Our new Taoiseach, a former health minister, is now in a unique position to address the problems in our health services, and deliver much needed improvements for some of the most vulnerable in our society.
Cloonacool, Co Sligo
Sending a clear signal to cyclists
As a driver, I wish to thank cyclists for their courtesy in signalling when the road ahead is free for overtaking. I would also like to remind them that final responsibility for this decision rests with the driver of the vehicle, and not with cyclists.
Many of our roads are narrow, winding and potholed. If cyclists expect drivers to give them a 1.5m berth, overtaking usually means moving entirely over to the other lane; especially as many cyclists continue to cycle two abreast. A driver may not have the visibility ahead enjoyed by cyclists in front of them. They may not be as free to hear the sound of oncoming vehicles. A driver may be more aware of the vagaries of their vehicle, whether it has the capacity to accelerate quickly enough to pass safely in the distance offered. Cyclists need to stick to cycling their bikes and stop being back- seat drivers as well.
It is truly irritating to observe cyclists getting impatient with drivers for not overtaking when the cyclist says so. If cyclists have any spare change left over after buying all the neon silks, tinted glasses, water bottles, bum bags etc, perhaps they could pick up a copy of the 'Rules of the Road'. They may learn that cyclists' hand signals to drivers are a courtesy - and not a legal imperative. If drivers feel it is safe to overtake you, they will.

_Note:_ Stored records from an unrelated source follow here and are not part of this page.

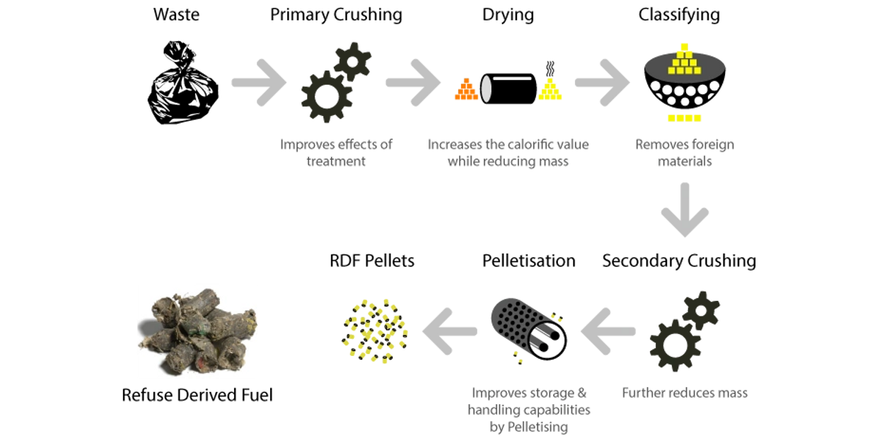 Refuse-derived fuel (RDF) is a fuel produced by shredding and drying out every day rubbish (MSW).
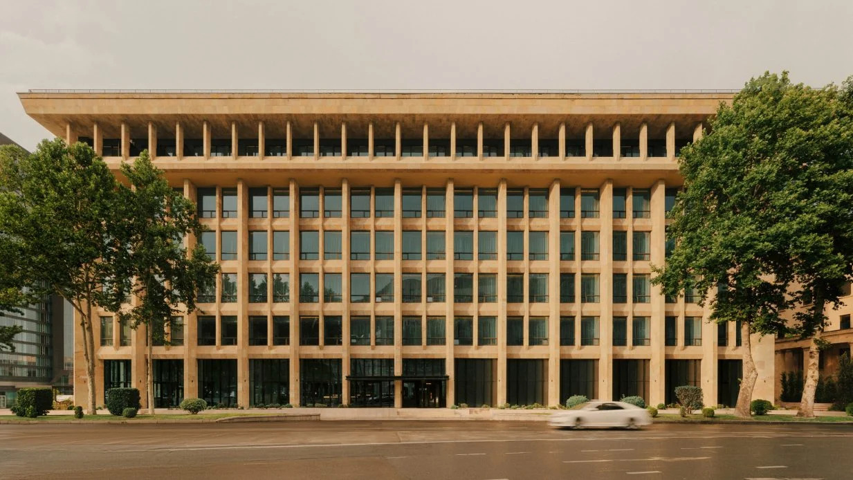 翻修后,胡郭锡恩和胡如珊保留了这栋建筑的前苏联现代主义立面,其纪念性檐口由当地的玻利西凝灰岩(Bolnisi)制成——同样的石头也曾沿着拉斯塔维利大道覆盖着格鲁吉亚议会。
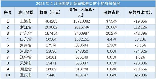 從進口省份來看,2025年4月份我國嬰兒紙尿褲進口金額前5的省份分別為上海市、浙江省、廣東省、山東省和河南省。
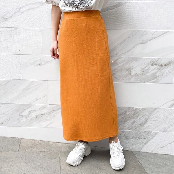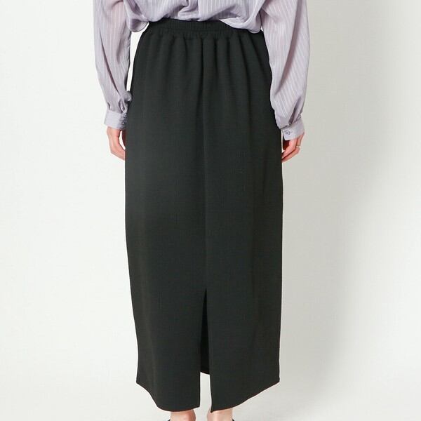 Iラインのすっきりとしたシルエットにポコポコしたデザインが特徴的なリブスカートが登場★ウエストゴム仕様の楽な穿き心地が魅力♪足捌きに配慮したバックスリットで、さり気なく抜け感をプラス◎カジュアルからフェミニンまで、幅広いスタイリングで活躍してくれるアイテムです☆
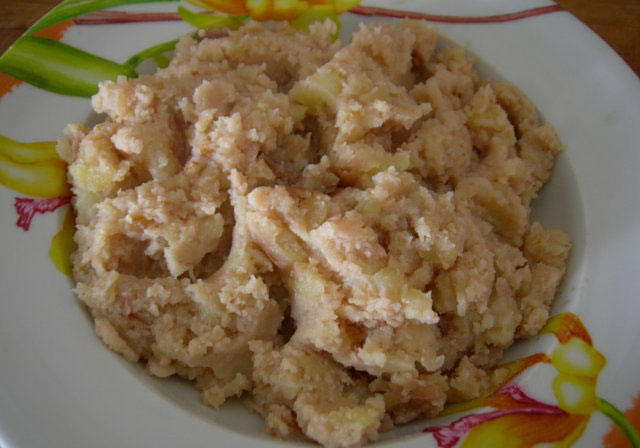 - Öntsön olajat egy üvegből burgonyapürébe, tegye a májat és a hagymát, és alaposan keverje össze.
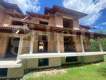 Due porzioni di villa bifamiliare ancora da completare, con giardino da realizzare per goderti gli spazi all'aperto.
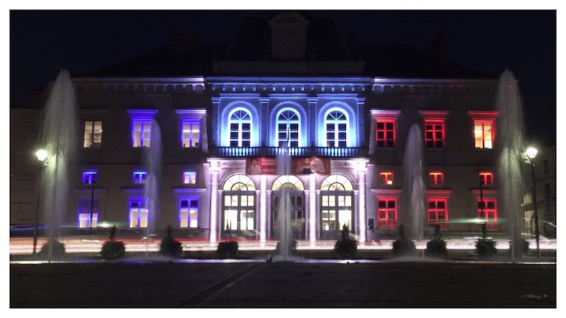 Our local city hall has been adorned in the colours of the French flag of late. I saw it on my walk downtown the other night, while waiting for Dominic to arrive and took this picture. Lit up, and with the fountains rat-a-tat-tatting out front, it’s even more beautiful. It just seemed appropriate to share that picture today.
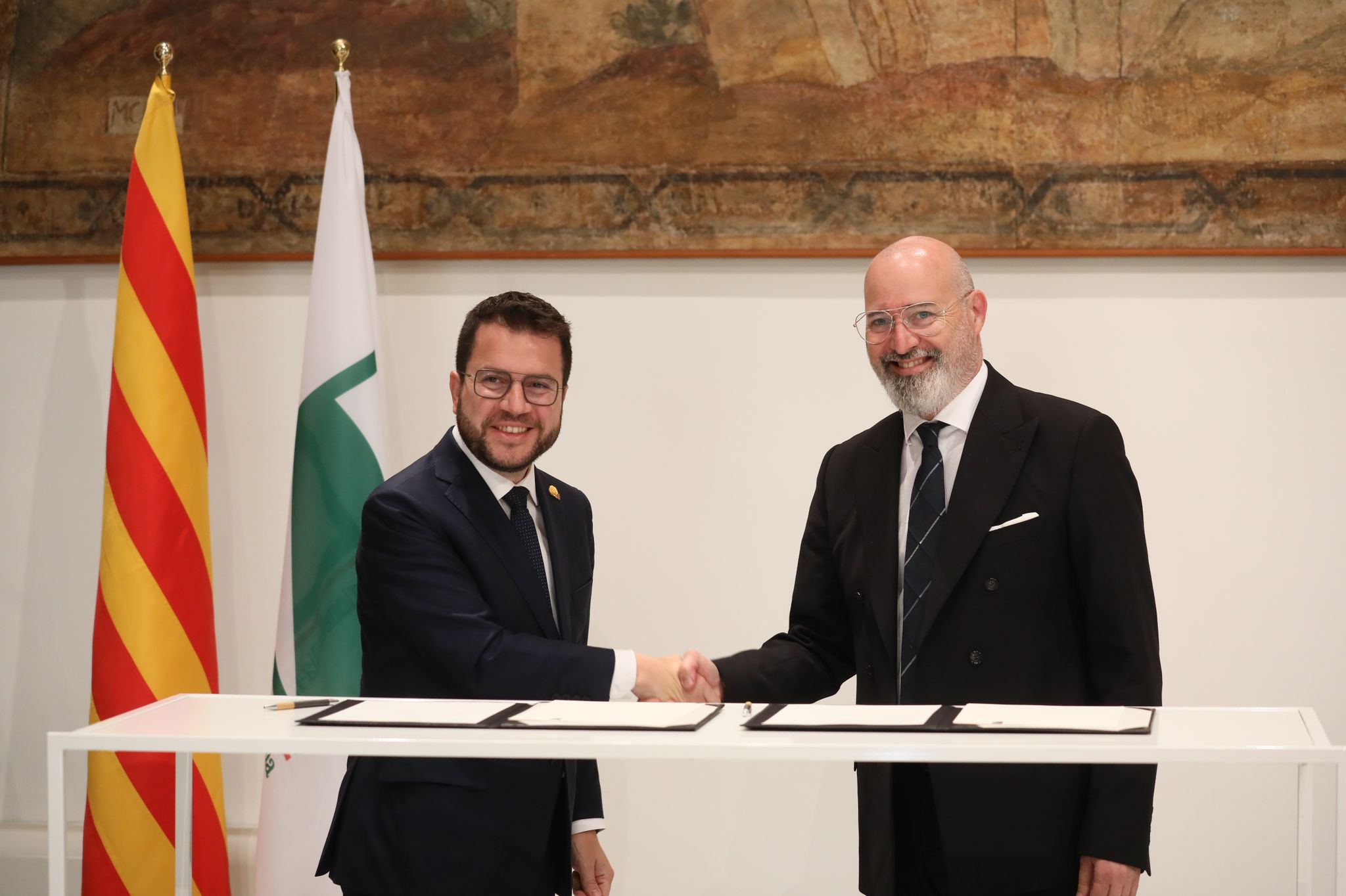 Alla firma dell’Accordo col presidente Aragonès i Garcia era presente anche Emanuele Manzitti, Console generale d’Italia a Barcellona.
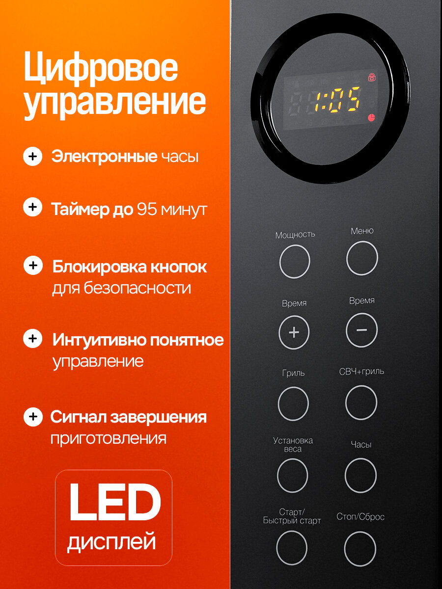 | Режимы работы | гриль, микроволны + гриль, микроволны + конвекция, разморозка |
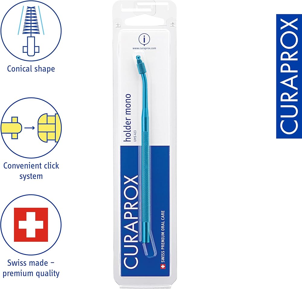 Every Curaprox interdental brush can be attached to any Curaprox holder. Not everyone gets along equally well with the same owner. That's why there are different holders: angled or straight, with a click or twist system, made of plastic or steel. The angled holders are particularly suitable for reaching the side teeth.
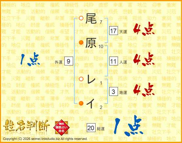 尾原レイさんの天運は17画の4点!
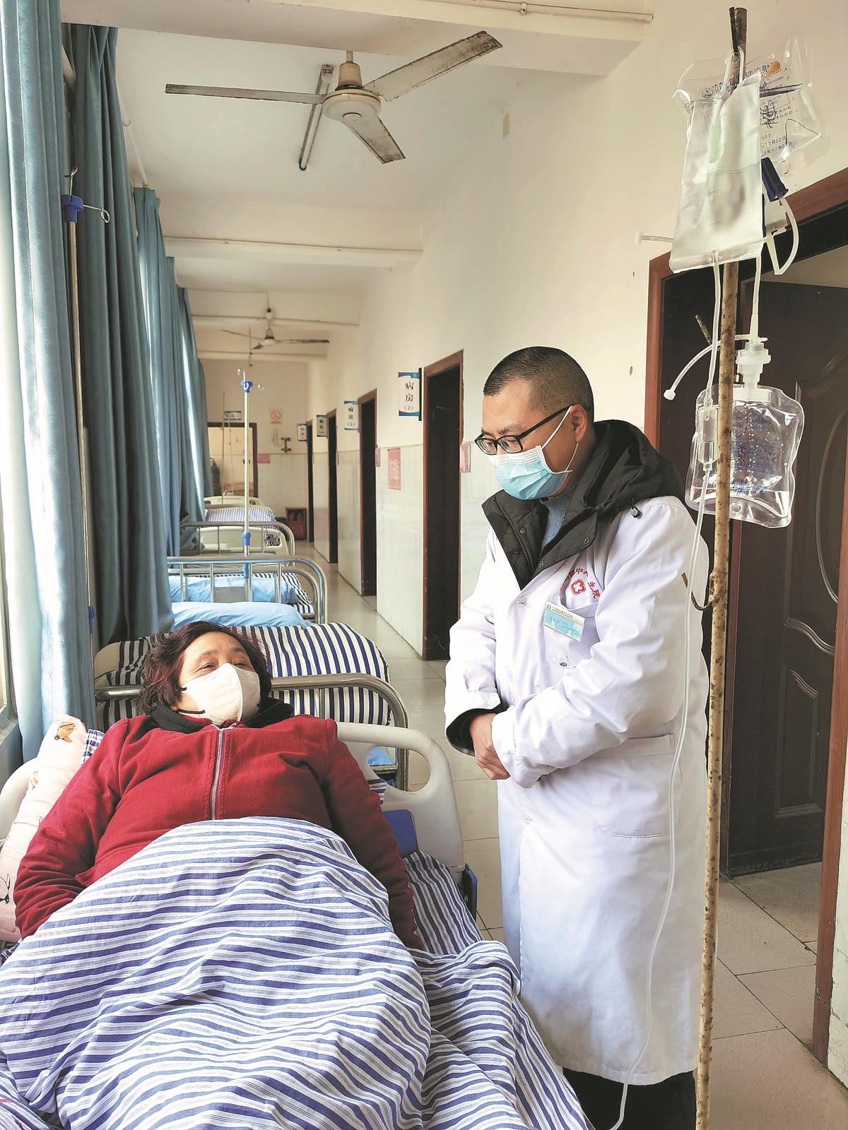 Xiao Chongjie, deputy head of Lianshan Township Central Hospital, talks with the only COVID-19 patient at the hospital during Spring Festival. LIU LANYING/FOR CHINA DAILY

Few drivers enjoy being stuck behind cyclists freewheeling along at 15kmh for mile after mile. Indeed, one might think cyclists would be thankful for drivers who don't race past.
Cyclists can also help by cycling single file, or best of all slowing down and pulling in so drivers can pass. Do please spread the word among your fellow cyclists. And if that's not enough, perhaps cyclists need to take up a different sport.
Name and Address with Editor
The same old tune
The 'new' Cabinet compared to a rock band...Status Quo?
Beaumont, Dublin 9
Take the hint, Commissioner
Now that it has reopened, maybe the Garda Commissioner should seek a transfer to Stepaside station (the clue is in the name).